Indian mountaineering club

The Giripremi is a public charitable trust and mountaineering club based in Pune, Maharashtra, India. Founded in 1982, it is one of the leading mountaineering organisations in the country and is the only Indian club to have successfully scaled eight peaks over 8,000 metres: Mount Everest, Lhotse, Makalu, Cho Oyu, Dhaulagiri, Manaslu, Kangchenjunga, and Annapurna I.

== History ==
Giripremi was established in 1982 by a group of mountaineers from Pune, including Anand Palande and Ushaprabha Page, with the aim of promoting mountaineering and outdoor adventure in India.
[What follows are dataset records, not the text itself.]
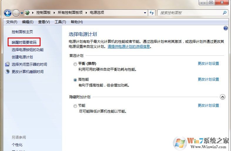 3、在左侧找到唤醒时需要密码,点击进入下一个选项
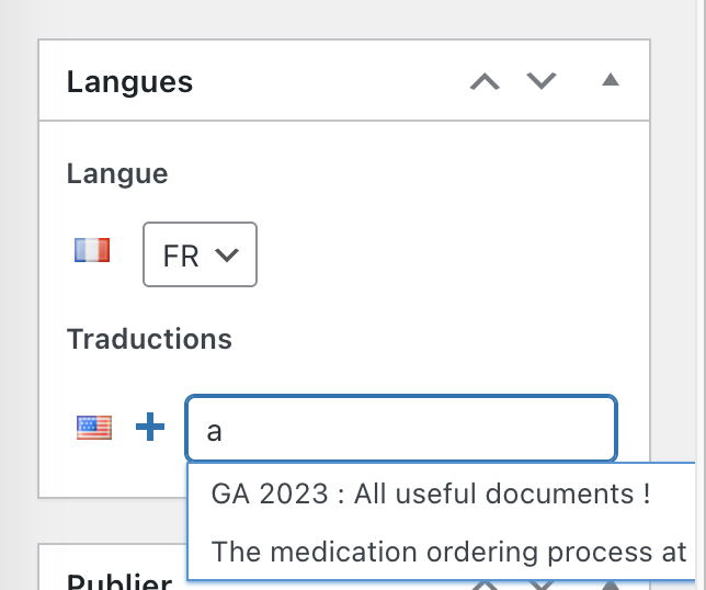Depuis l’article ou la page, cliquer sur le + et saisir le nom de l’article ou page. Si le nom n’apparait pas dans la liste, la taper soi-même.
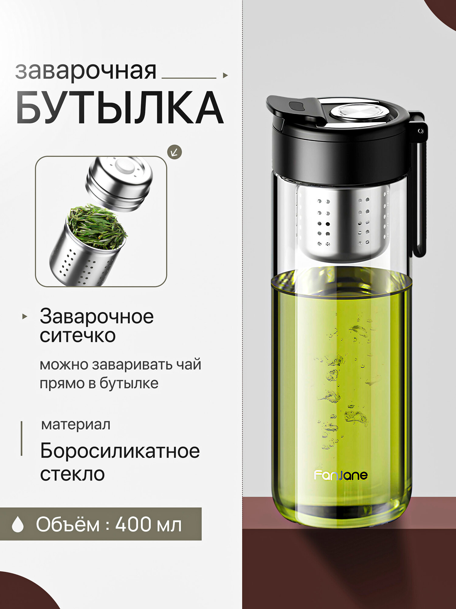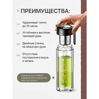 Стеклянная заварочная бутылка CFPRESS — это современное решение для ценителей чая, травяных и фруктовых настоев. Она объединяет удобство термокружки, функциональность чайника и надёжность термобутылки. Идеально подходит для использования дома, в офисе, в автомобиле, на прогулке или в путешествии.

Over four decades, the club has organised and led expeditions to some of the world's highest and most challenging peaks.

== Major expeditions ==

- Mount Everest: Giripremi successfully organised expeditions to Mount Everest, with team members reaching the summit in 2012, marking one of the most significant achievements for an Indian mountaineering club.
- Lhotse, Makalu, and Cho Oyu: Following Everest, Giripremi mountaineers summited Lhotse, Makalu, and Cho Oyu, further adding to the list of 8,000 m peaks scaled by the club.
- Dhaulagiri: In 2019, Giripremi mountaineers scaled Dhaulagiri, the world’s seventh-highest mountain at 8,167 m.
- Manaslu: In 2017, the club organised an expedition to Manaslu, the world’s eighth-highest peak, successfully placing multiple climbers on the summit.
- Kangchenjunga: In May 2019, Giripremi’s Kangchenjunga expedition reached the 8,586 m summit, making it the only Indian club to have scaled seven of the 8,000 m peaks by that time.
- Annapurna I: In April 2021, three members of Giripremi summited Annapurna I, the tenth-highest mountain in the world, completing the club’s 8,000 m peak list.
- Mount Meru: In September 2023, Giripremi became the first Indian mountaineering club to successfully climb Mount Meru’s main summit.

== Notable members ==

- Umesh Zirpe – Recipient of the Tenzing Norgay National Adventure Award and the Shiv Chhatrapati Sports Award.
- Ashish Mane – Leading Indian high-altitude climber.
- Jitendra Gaware – Shiv Chhatrapati Sports Awardee.
- Krishna Dhokle – Shiv Chhatrapati Sports Awardee.

== Publications ==
Giripremi members have authored several books on mountaineering, available on major online bookstores:

- Dongaryatra – by Anand Palande
- Ekand Shiledar – by Ushaprabha Page
- Base Camp Varun – by Jayant Tulpule
- Everest – by Umesh Zirpe
- Shikharratna Kangchenjunga – by Umesh Zirpe and Bhushan Harshe
- Sherpa – by Umesh Zirpe

== Training and education ==
Giripremi was instrumental in founding the Guardian Giripremi Institute of Mountaineering (GGIM), which offers the only recognised diploma course in mountaineering in India.

== Recognition ==
In 2023, the Southern Command of the Indian Army felicitated Giripremi with the “Sword of Regalia” for its contribution to Indian mountaineering.